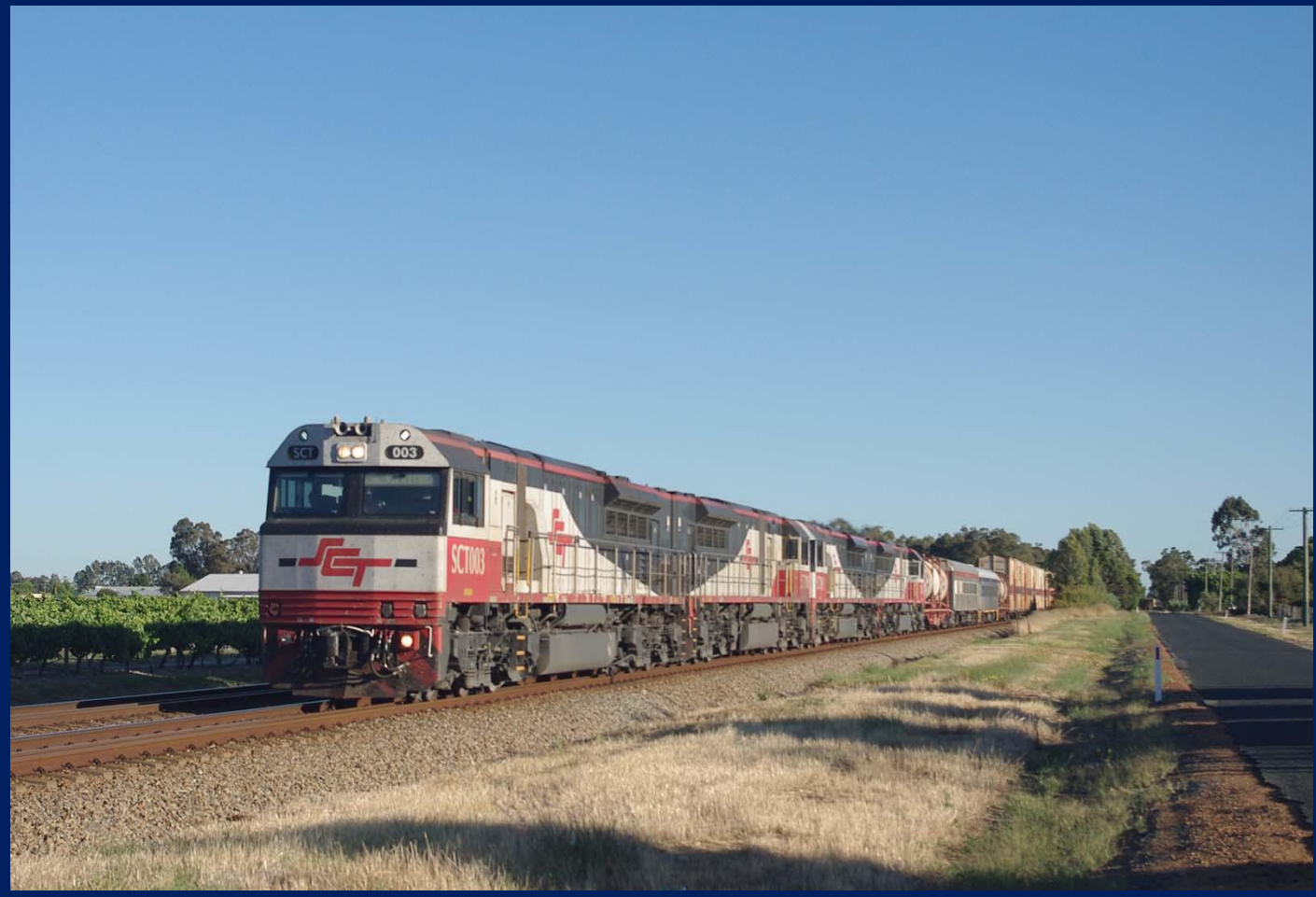
SCT003, SCT010, SCT009 & SCT014 on 3MP9 SCT freight 2x crew cars Herne Hill 11/12.
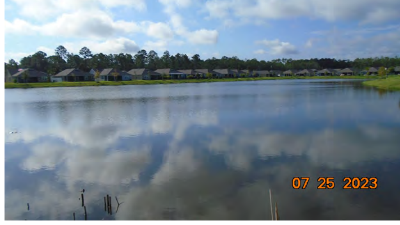
Pond 4: This pond was in good condition. Had a good kill on the cattail.
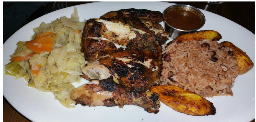
1. Jerk Chicken Rice & Beans w/ Cabbage
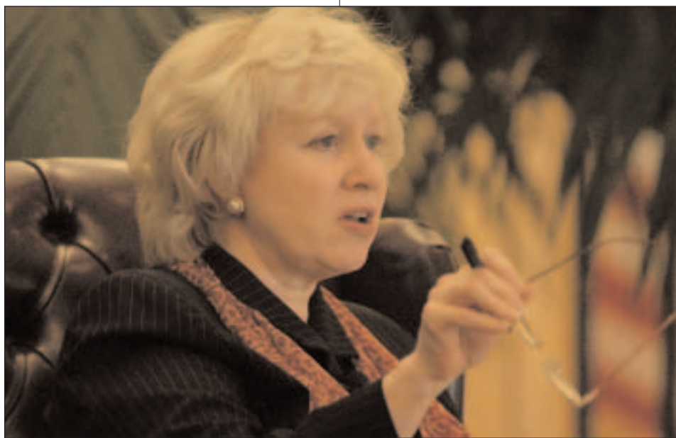
Kim Campbell, Chair of the World Leaders' Summit, stresses a point during the final discussion about how world leaders can collaborate to bring about change.

ing Ministers, as well as leaders of non-governmental organizations, academics and subject-matter experts – met during the World Leaders' Summit, June 23-25, 2005, in and around Stanford University in California.
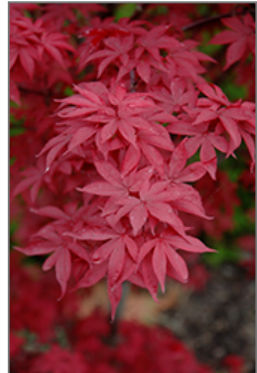
Twombly's Red Sentinel Japanese Maple foliage

Twombly's Red Sentinel Japanese Maple is recommended for the following landscape applications;
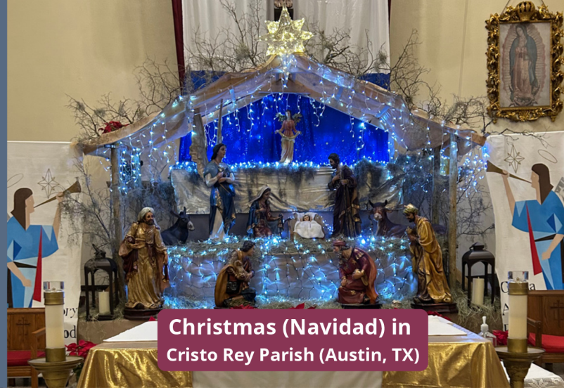
Christmas (Navidad) in Cristo Rey Parish (Austin, TX)
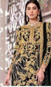
Top - Butterfly net heavy embroidery with stone Inner Bottom - Heavy santoon with emb patch Dupatta - Butterfly net embroidered with pearls
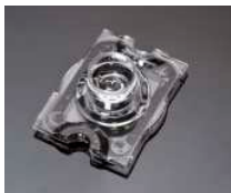
STRADA-S 15.5MM X 19.6 MM PMMA

CREE XP-E / XP-G CA11248_STRADA-S C11249_STRADA-S
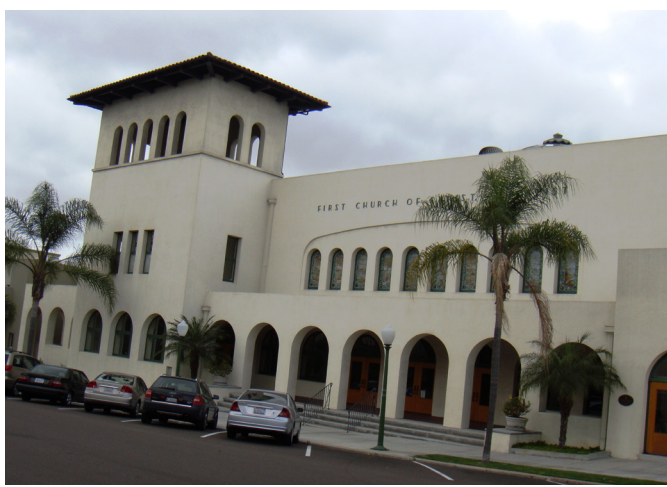
The First Church of Christ Scientist was built in 1909 by Master Architect Irving J. Gill.

A property may be significant under this theme for its association or representation of the postwar development and redevelopment in Uptown, or as the home of an important person in local history. A property may also be significant as a good or rare example of a popular architectural style from the period, primarily Mid-Century Modern. Lastly, a property may be significant if it reflects the notable work of a master builder, architect, or designer. Residential development during the postwar period occurred primarily on undeveloped lots along canyon rims and on lots containing older, smaller homes in communities such as Hillcrest and University Heights, which were demolished to make way for larger homes and apartment buildings in the Mid-Century Modern style. Commercial construction occurred throughout the Planning Area, but was concentrated primarily on redeveloped lots along Washington Street in Mission Hills, Park Boulevard in Hillcrest, and throughout the Park West area along Fourth, Fifth and Sixth avenues. A number of institutional buildings, including the San Diego City School education center, the County Hospital, and a branch library.
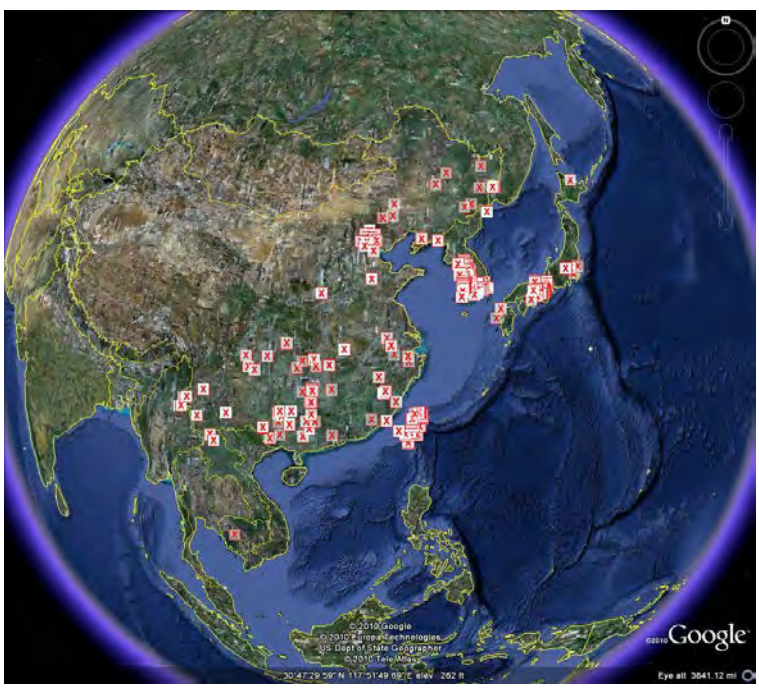
Figure 1. Some of the global distribution of P. parva from Froese and Pauly (2010). Map from Google Earth (2011).
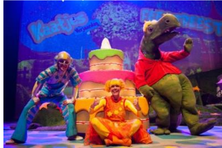
Performances on Ketnet & Plopsaland events all year long

========

#### Brief
Lines of the listing that include the string "good" are to be counted; state that count alone.

#### Written answer
2